HERE'S THE MOST IMPORTANT FACT ABOUT IQ TESTS: skill in one area predicts skill in another. If a person has an above-average score on one part of an IQ test — the vocabulary section, for instance — she probably has an above-average score on any other part of the test. A thorough IQ test such as the Wechsler or the Stanford-Binet actually contains about a dozen separate tests. So check to see whether that person did well on solving the vocabulary test: if she did, she's probably better than average at memorizing a long list of numbers, she could probably look at the drawing of a person talking to a police officer and instantly realize that the officer is standing knee-deep in water, and she probably did better than average on the wood block puzzle.

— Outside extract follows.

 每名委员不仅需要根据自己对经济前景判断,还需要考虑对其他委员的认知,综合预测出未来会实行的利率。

That's the real surprise of IQ tests and other cognitive tests: high scores in one area tend to go along with high scores in other areas, even ones that don't outwardly appear similar. Psychologists often talk about the "general factor of intelligence," the "g factor," or the "positive manifold," but let's call it "the da Vinci Effect," since Leonardo's excellence spanned so many subjects from painting to clock design to military engineering. The da Vinci Effect means that our parents and grandparents are usually wrong when they tell us "everything balances out in the end" or "if you're weak in one area that just means you're stronger in another." When it comes to IQ tests — on average — if a person is stronger in one area, that's a sign the person is probably stronger at other tasks as well.
We'll return to the notion of the da Vinci Effect a lot, so it's a concept worth understanding well. The claim isn't that every relationship between mental skills is always strongly positive — there are always exceptions to every rule, just as there are people who smoke two packs a day and live to be ninety. But, as we'll see in this chapter, many of the most commonly recognized general skills have strong positive relationships, and it's rare to find any sort of negative relationship across large groups of people.

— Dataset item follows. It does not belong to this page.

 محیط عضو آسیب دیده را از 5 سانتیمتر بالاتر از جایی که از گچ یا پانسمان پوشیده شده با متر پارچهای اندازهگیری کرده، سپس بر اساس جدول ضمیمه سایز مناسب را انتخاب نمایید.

IQ tests are often the stuff of controversy. What can they really tell us? What can they actually measure? What real-world outcomes can they help us to predict? That's exactly what we'll discuss in this chapter. It's going to focus exclusively on studies done in rich countries, studies in which test subjects are reasonably healthy and have some prospect of a real education. And I make a claim that, in these settings, the mainstream of psychology is also comfortable making: IQ tests are a rough, imperfect measure of what the typical person would call general intelligence.
Of course, a test score is just a test score until we've seen real evidence that it predicts something beyond other test scores. But when we see that the da Vinci Effect turns up repeatedly during IQ tests in today's rich countries, we know we're getting closer to the real-world version of intelligence: the ability to solve a variety of problems, quickly recall different types of information, and use deductive reasoning in multiple settings. When ordinary people say someone is intelligent, they usually mean that the person has mental skills that span a wide range. They mean that that person's mental skills have at least a touch of the da Vinci Effect.
"True on Average"
I discuss a lot of facts in this book and make a lot of claims about general tendencies. It should go without saying but bears repeating when discussing the important topic of human intelligence: these statements are only true on average. There are many exceptions; in fact almost every case is an exception, with about half of the cases turning out better than predicted and half turning out worse.
It would be tedious if I had to repeat the phrases "true on average" or "this relationship has many exceptions" or "tends to predict" every single time I make a factual claim. So I won't. But remember: every data-driven claim in this book is only a claim about the general tendency, and there are always exceptions. Every person we meet, every nation we visit, is an exception to the rules — but it's still a good idea to know the rules.
Intelligence: As with Strength or Size, Oversimplification Often Helps
Suppose you were given a hundred computers and told your job was to figure out which ones were faster than others. There's one catch: you don't know the actual processor speed of any of the computers. How would you rank them? You might try running ten or twenty different pieces of software on each of them — a video game or two, a spreadsheet, a word processor, a couple of web browsers. For each computer, you could write down, on a scale of 1 to 100, how fast the computer runs each piece of software, and then average those numbers together to create a computer speed index for each computer. Of course, the process won't be entirely fair — maybe you unintentionally chose a spreadsheet program that was designed specifically for one type of computer — but it's a step in the right direction. Further, it's probably better than just trying out one or two applications indiscriminately on each computer for half an hour and then writing up a subjective review of each machine. Structuring the evaluation process probably makes it fairer.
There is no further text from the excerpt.